Obviously, a critical argument for this lawsuit would be if Kinder Morgan Inc's stock were surging while units of Kinder Morgan Energy Partners were lagging. However, this really has not been the case, with Kinder Morgan Inc actually underperforming the MLP over the past twelve months.

Indeed, since its 1996 IPO, Kinder Morgan Energy Partners has posted an incredible CATR of 23% when reinvesting distributions, trouncing both the benchmark Alerian MLP index and the broader S&P 500.

Conclusion

Overall, I think this lawsuit may be a bit short-sighted. Yes Kinder Morgan Energy Partners has underperformed this year. However, this performance was likely more a result of a shift in market sentiment towards higher risk investments and away from safe stocks such as midstream MLPs.

Kinder Morgan Energy Partners is clearly a stock worth owning for both current income and modest annual growth. For 2014 alone, the company expects to grow its distribution 5% to $5.58 per unit. How many stocks with a nearly 7% yield can claim the same?
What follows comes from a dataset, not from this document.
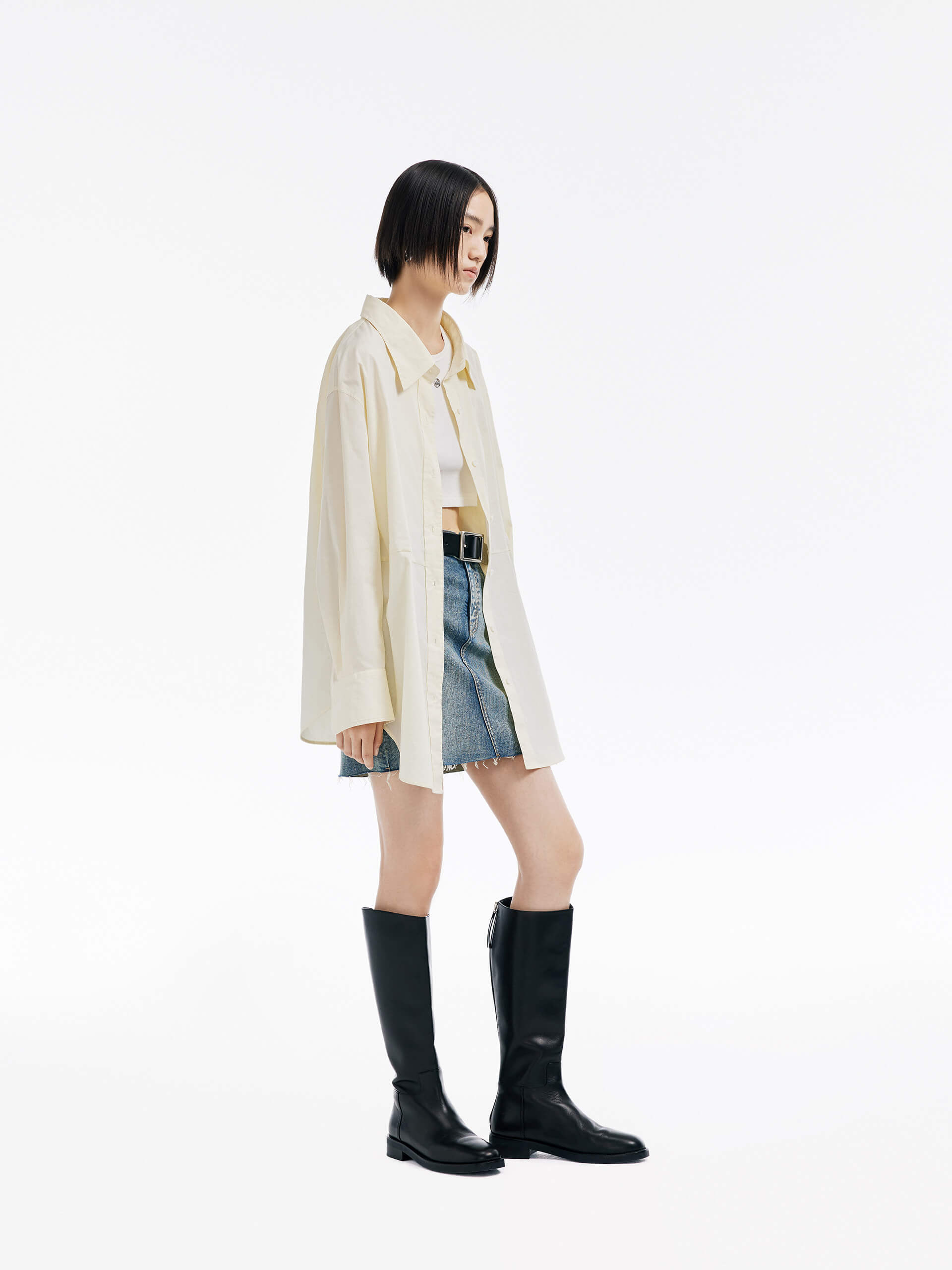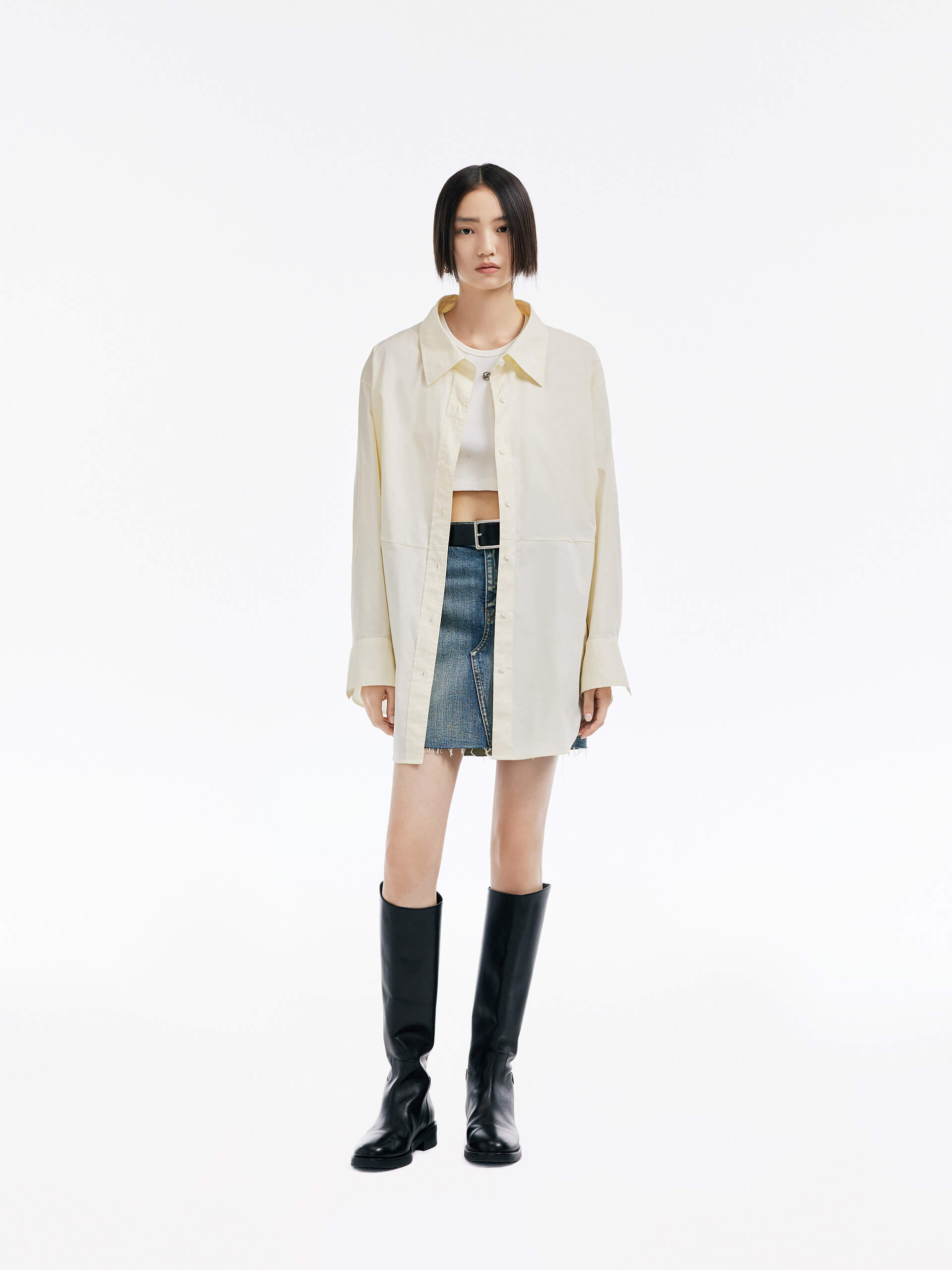 Indulge in comfort with our cotton blend shirt. The loose fit adds a touch of elegance, while the detachable white vest offers versatility and style.

Disclaimer: The opinions in this article are for informational purposes only and should not be construed as a recommendation to buy or sell the stocks mentioned. Please do your own due diligence before making any investment decision.

Disclosure: I am long KMI. I wrote this article myself, and it expresses my own opinions. I am not receiving compensation for it (other than from Seeking Alpha). I have no business relationship with any company whose stock is mentioned in this article.